Role of leptin on the expression of low density lipoprotein receptor.

BACKGROUND &
OBJECTIVES: Leptin resistance oriented hyperleptinaemia is a common problem in obese subjects in association with hypercholesterolaemia. The most common target for hypercholesterolaemia is impaired low density lipoprotein receptor (LDLR). This study was carried out to investigate whether any alteration in LDLR expression could explain the occurrence of hypercholesterolaemia in the event of hyperleptinaemia.
METHODS: Expression of LDLR and SREBP2 (sterol regulatory element binding protein 2) were examined in HepG2 cells by RT-PCR and Western blotting.
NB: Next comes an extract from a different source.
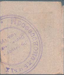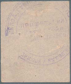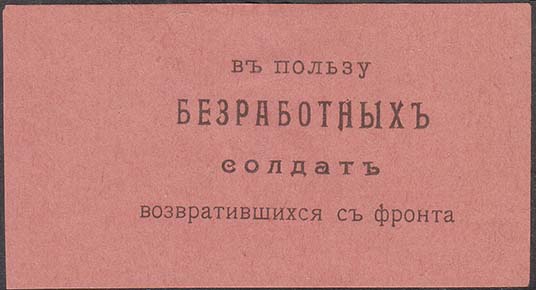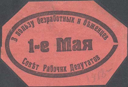 1918 г. Разм. 48 х 70 мм. Одноцветная печать на розовой бумаге. В центре в толстой овальной рамке с разрывом справа текст: «1-е Мая». По периметру рамки с внутренней стороне: «В пользу безработных и беженцев. Совет Рабочих Депутатов».

JAK2 inhibitor II was used to verify the effect of JAK-STAT (Janus Kinase-Signal Transducer and Activator of Transcription) pathway (common mediator for cytokine signaling). Co-localization of LDLR and insulin receptor (IR) was examined by confocal microscopy.
RESULTS: Leptin was found to reduce the expression of LDLR and its transcription factor SREBP2. On the other hand, a weak signal for stimulation of LDLR by leptin was noted to be mediated by JAK2 pathway. But the joint effect of the two signaling pathways kept LDLR only in depressed mode in presence of leptin. Confocal microscopy showed that LDLR made an intensively co-localized complex with insulin receptor in presence of leptin. INTERPRETATION &
CONCLUSIONS: Our results show that though leptin stimulates LDLR expression very weakly through JAK-STAT signaling pathway, it mainly imposes inhibition on LDLR expression by inhibiting transcription factor SREBP2. The inter-association between LDLR and IR may be a reason to render LDLR functionally inactive in presence of leptin.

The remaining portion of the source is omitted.